Sunday, 6 February 2011

Tens of thousands of hacked iTunes accounts are now for sale

    Hacked iTunes accounts are available for sale across China at prices starting as low as a few dollars. These hacked account details, include credit card details, were being made available for sale via China's largest retail website, Taobao. An original report in the Global Times claimed around 50.000 hacked accounts were being peddled on Taobao at prices ranging from one to 200 yuan. Thousands of accounts have been sold over the past several months, it said. AFP has confirmed the claims.
    The retailer claimed it takes all reasonable and necessary steps to protect consumers. Hacked iTunes accounts are sold with the admonition to use them for just 24-hours.

    “At this time, we have not received any information from Apple or any other principal related to the iTunes accounts indicating that these products either violate our listing rules or infringe on the IP of others,” the company said, as reported by AFP.

    Well we're probably going to see a lot more Vietnamese books being sold/bought in record numbers but the question at hand is, what really makes iTunes such a good target; what happened to Amazon, Paypal, Ebay?
  1. Safari and Mac are easy to hack - under 10 seconds!
  2. Mac users are unaware of Malware - thanks to Apple's own advertising
  3. Safari is a fat hog that spies on you - you can't be sure that anything you ever type into Safari will stay secure
  4. iPhone apps that steal email and password are already quite common
  5. iTunes that gives away your personal info for free 
  6. iTunes policy - even if no one spends more than 5$/month, spending 1000$ at once will cause no alert
  7. Apple that is always reluctant to cooperate with your bank when frauds are reported

How does the hacking go from here on?
  • If they got your email from an app, most likely brute force will be used (a program/script that tries random combinations on your account - can take from a few hours to week but it can be run in background so it will only disturb you to alert you when the job is done.
  • If you were detected as using Safari on a Malware website, be sure that if you're not infected instantly, they will hack you via your logged IP and either get all your details from Safari or use your own Mac to do the fraud.
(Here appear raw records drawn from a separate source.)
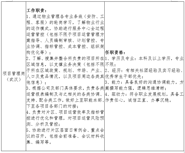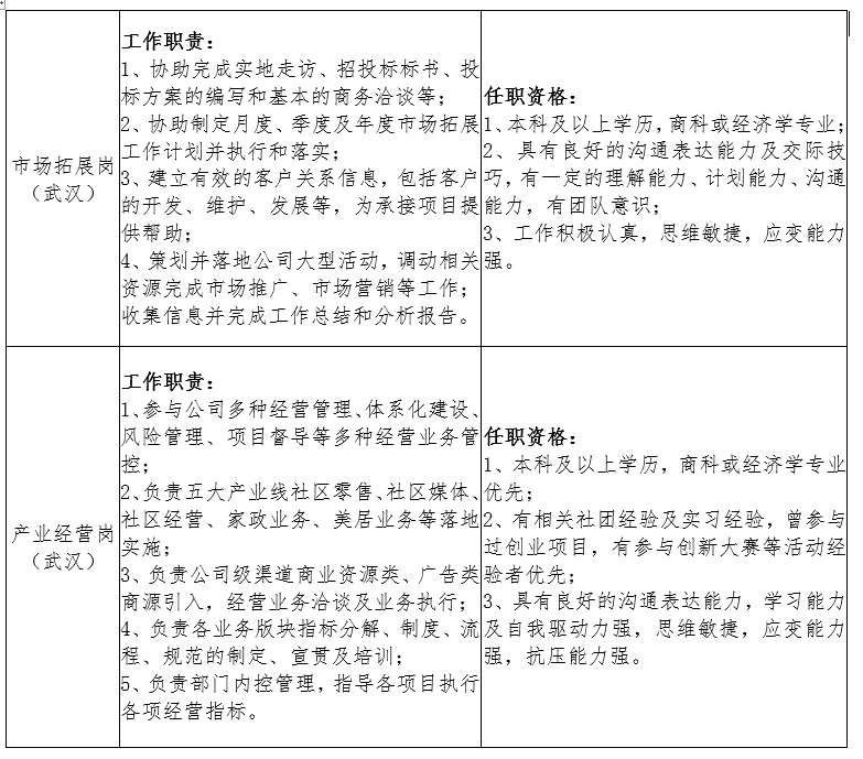 招聘岗位:市场拓展岗,产业经营岗,项目管理岗
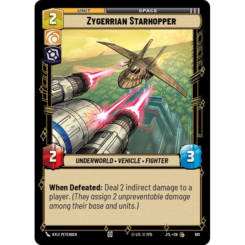 Set Name: Jump to Lightspeed Release Date: 2025-03-14 Rarity: Common Card Name: Zygerrian Starhopper Card Number: 681 Card Type: Unit Traits: Underworld,Vehicle,Fighter Cost: 2
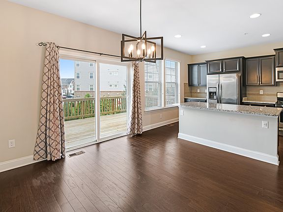 Available immediately! Nestled in the highly sought-after Manors at Ballenger Creek, this stylish and spacious three-level townhouse offers an open and modern layout on a premium lot. You'll immediately appreciate the hardwood flooring and soaring 9-foot ceilings throughout the main level, leading into a chef's kitchen equipped with stainless steel appliances including a gas range granite countertops, an expansive granite island, and a large space for a table perfect for entertaining or casual dining. Walk-out from the kitchen to the spacious deck. The master bedroom is a serene retreat with its own ensuite bath and large walk-in closet. The upstairs laundry room adds ease to everyday living. The upper-level is completed by an additional hall bathroom and two additional bedrooms. The finished lower-level family room opens to a patio, making the home ideal for indoor/outdoor gatherings. The two car garage provides ample parking and space for storage. The outdoor space, including the rear deck, patio, and fenced backyard make this home perfect for relaxing or hosting friends. With nearby parks, trails, shopping, dining, and commuter routes, this low-maintenance home is truly move-in ready just unpack and start enjoying.
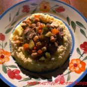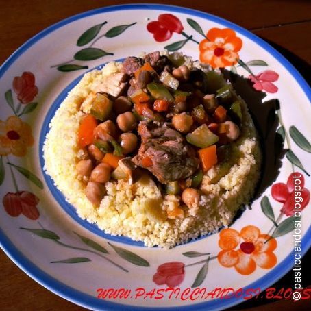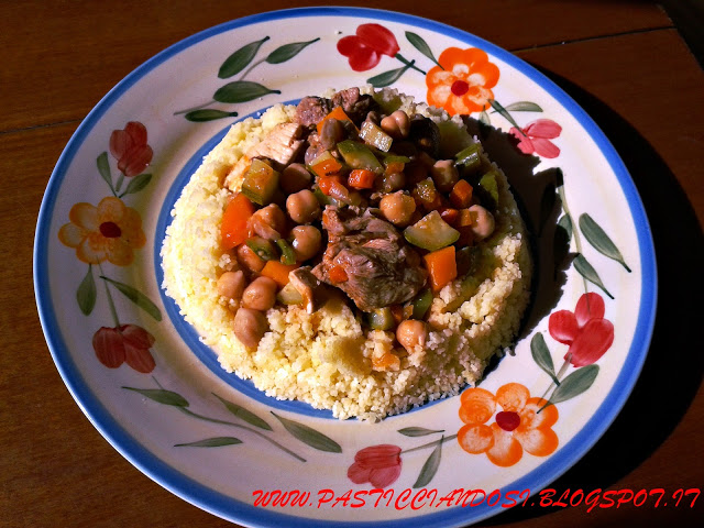 Su un piatto adagimao il couscous, versando prima un pochino di fondo di cottura, quindi la carne con le verdure, il gioco è fatto.
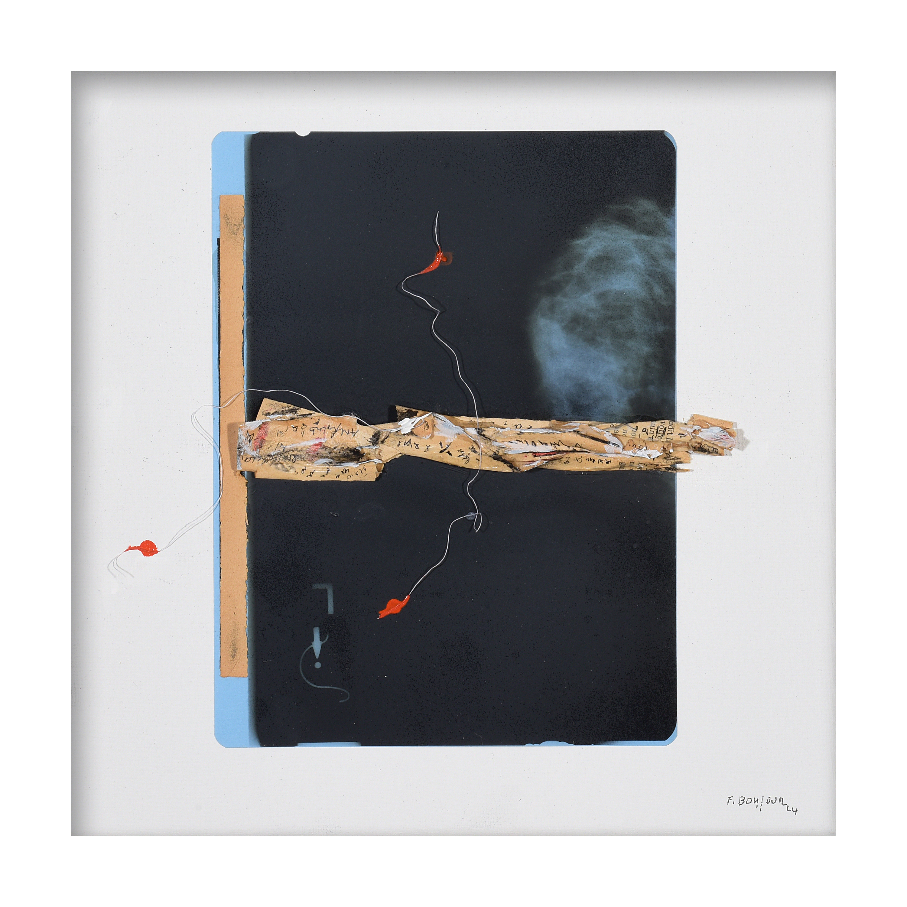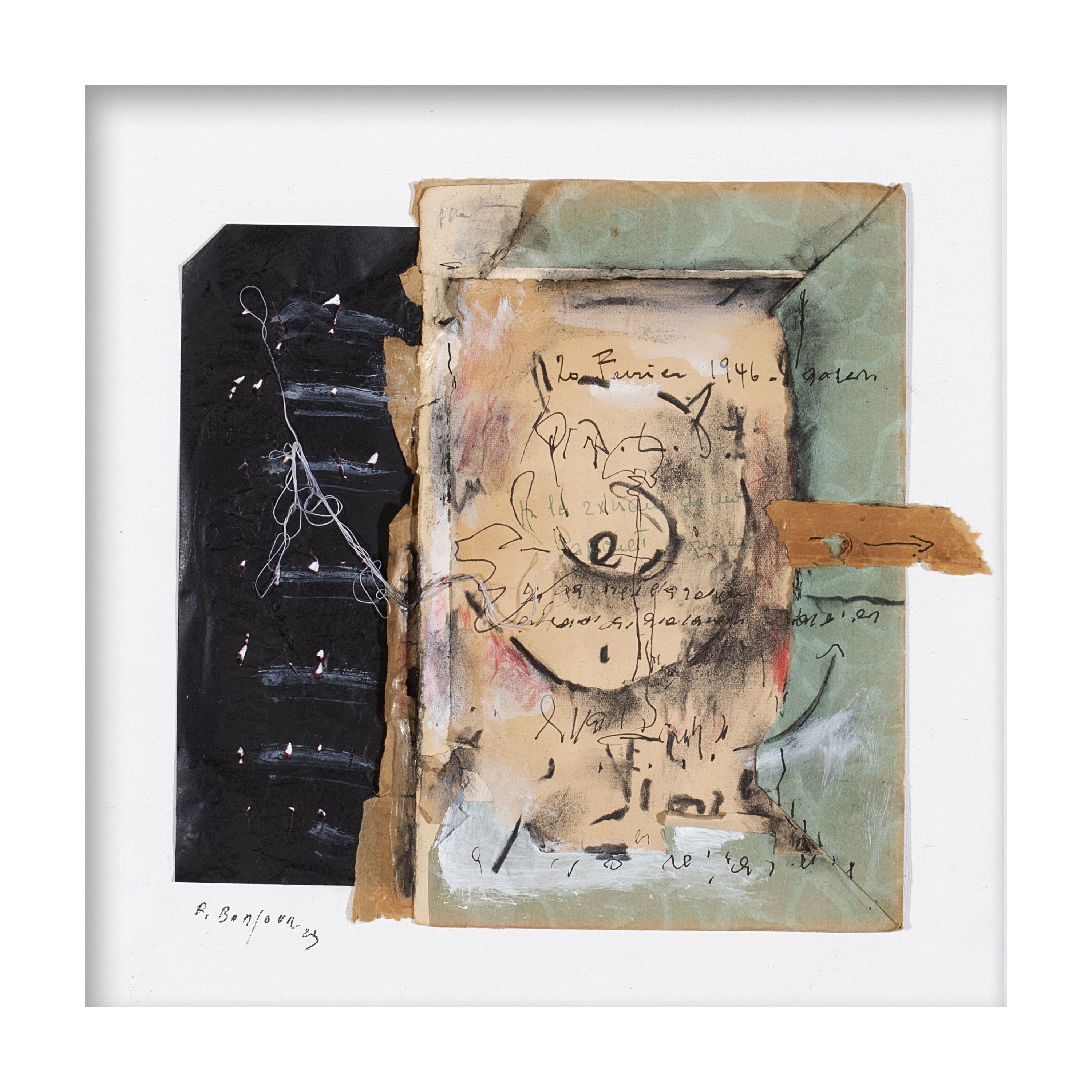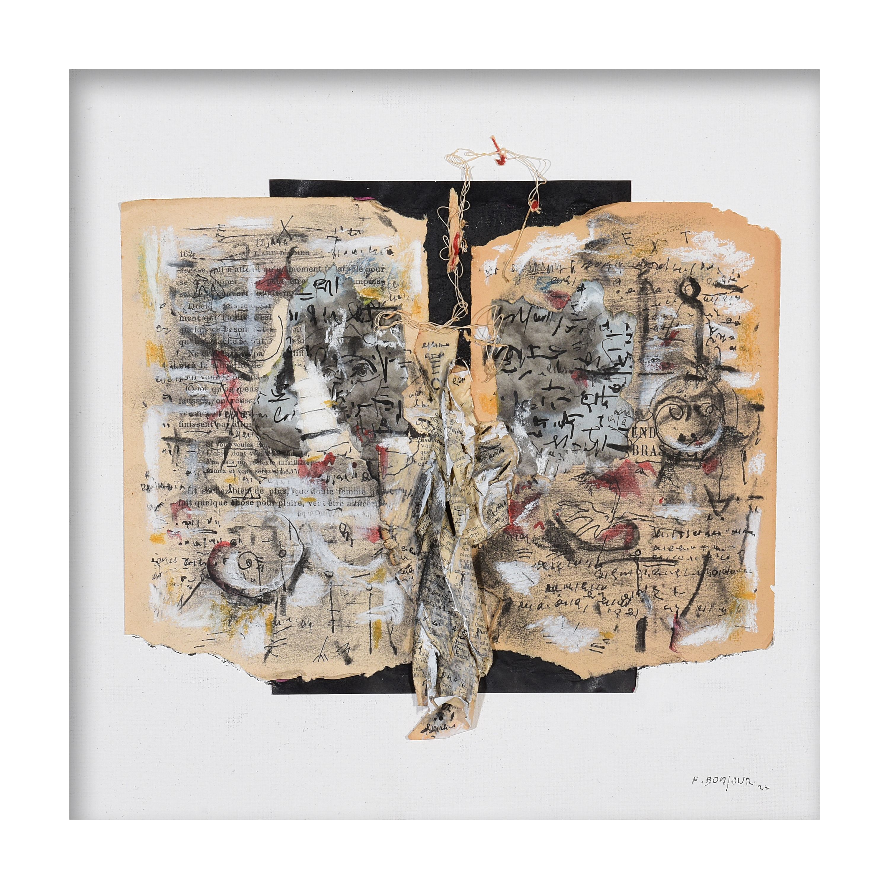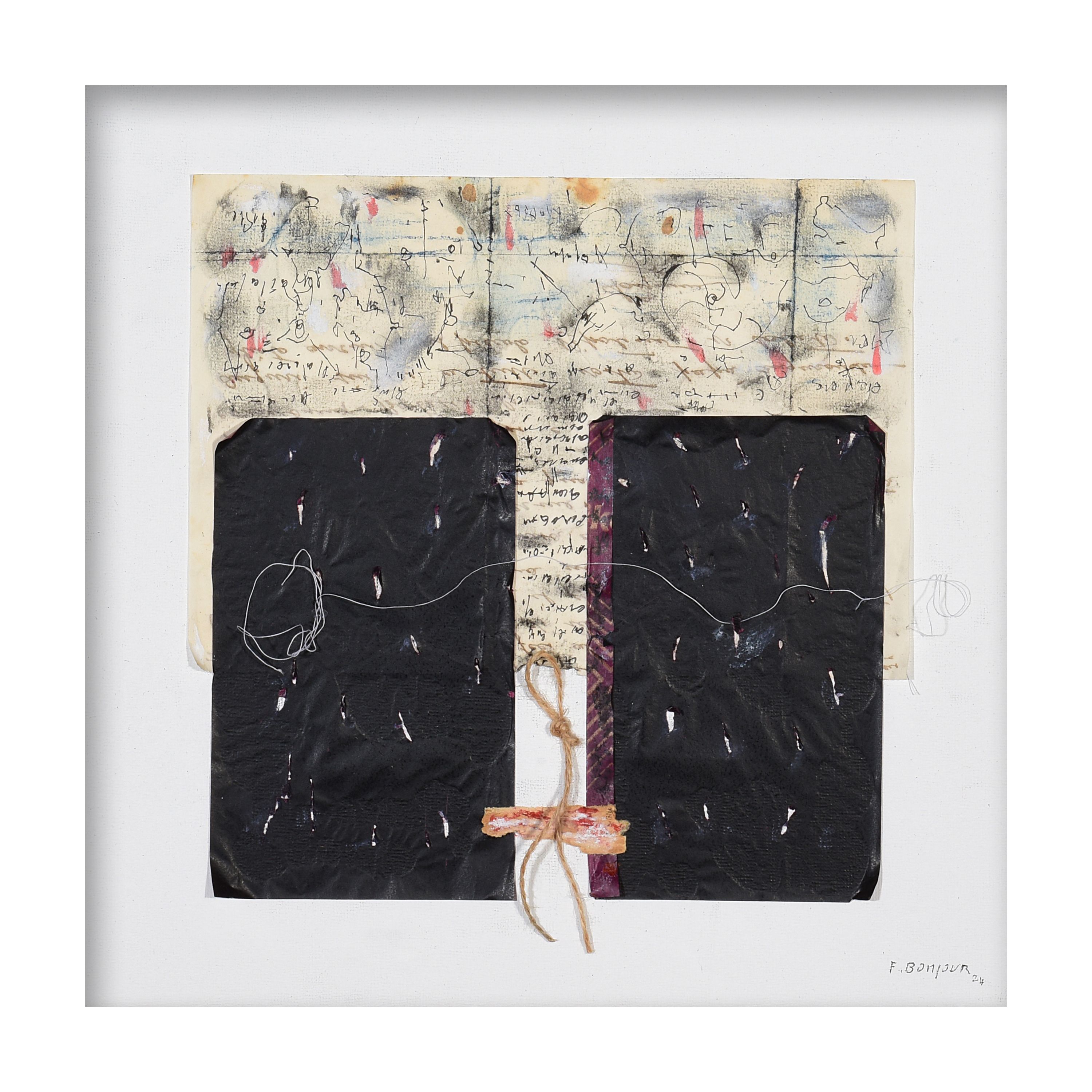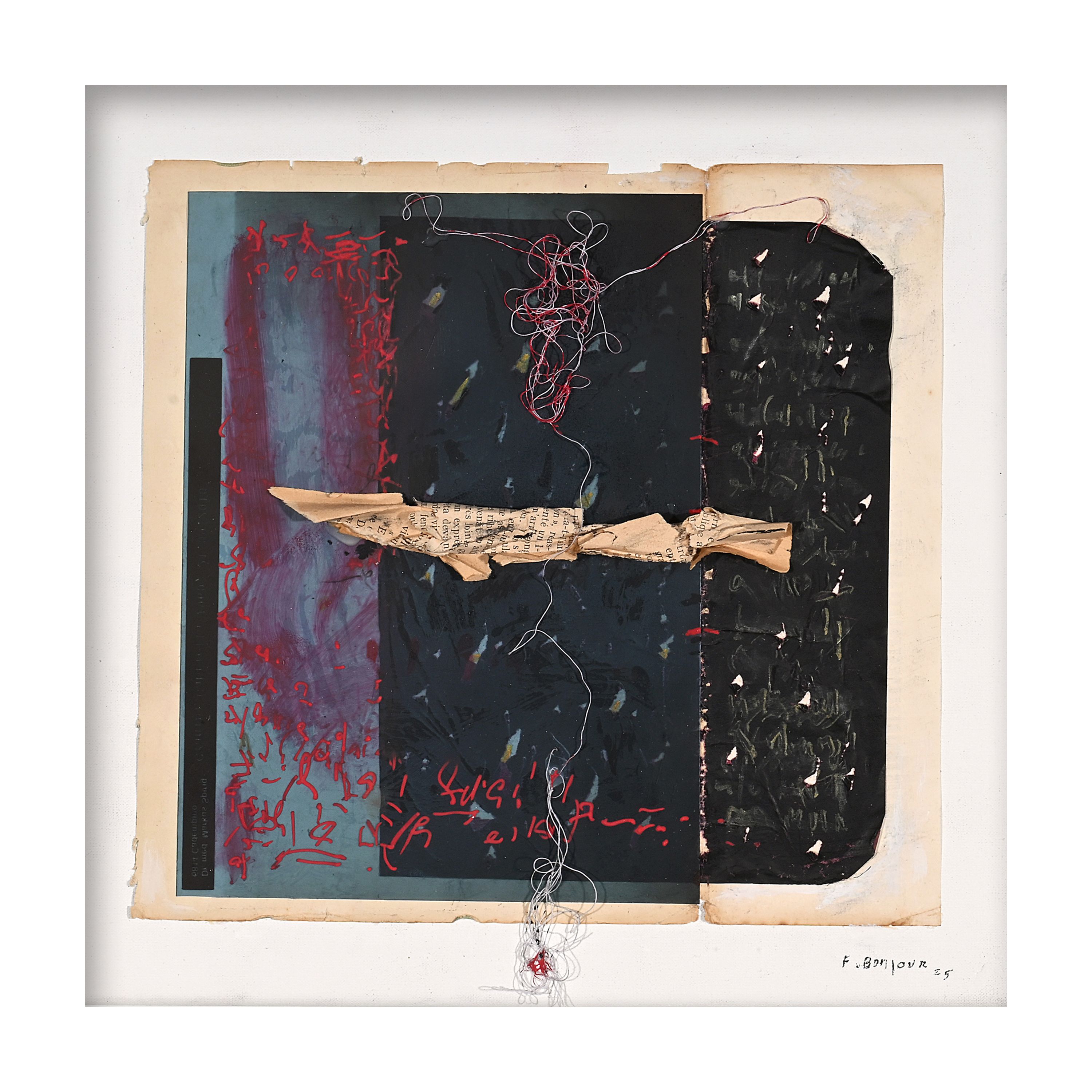 Bonjour adopts an expressive language of great material richness, juxtaposing heterogeneous elements with surprising harmony. His paintings often transcend the boundaries of the canvas, taking on an almost three-dimensional dimension thanks to the inclusion of unconventional objects and materials. On backgrounds prepared with mixed techniques, the artist applies sheets of paper, scraps of fabric, pages of books worn out by time, newspaper clippings, interweaving them with threads of string, ropes, wood fragments, red wax, broken glass and pigments. These poor materials - the 'skin of the city' as he ideally defines it - carry with them the echo of human presences, evoking lives and stories both past and future. Writing plays a central role in his compositions: elegant words and calligraphies appear, sometimes clearly legible, more often reduced to mysterious and indecipherable signs. This fusion of text and image recalls the legacy of Visual Poetry, but Bonjour reworks it in an entirely personal way. The written page is transformed into a visual element: it can be burnt at the edges, torn or covered with invented graphisms, becoming itself a surface to be contemplated. The combination of these verbal and iconic signs builds a dense and meaningful texture. Nothing is left to chance: the artist composes the different fragments with meticulous care, balancing solids and voids, light and dark, rigidity and fluidity. The result is works of refined elegance, in which the layering of materials creates physical and conceptual depth. Every detail - from the small piece of wax to a thin thread running through the paper - contributes to the overall meaning, inviting the observer into a silent conversation with the work. The result is a unique visual language, sober but incisive, capable of speaking on different levels: cultured and at the same time immediate, intimate and universal.

   You could say that the culprit here are the careless users (and you will if you're a fanboy), but let's face it, no one uses the same password for e-banking and for pr0n sites. The real culprit here, is the Mac OS X platform itself.
   OS X is has nothing to do with previous versions of Mac OS. When Motorola failed as a CPU manufacturer, Apple hand no choice but switching to an X86 Platform. What they did was buying An ancient OS from the 90's that had mainly and industrial and accountability role and turn it into OS X. 
   NeXTstep had the advantage of being a multiplatform OS (could run both on Motorola and X86 CPUs) and allowed apple to quickly port the modest amount of Mac software that was available.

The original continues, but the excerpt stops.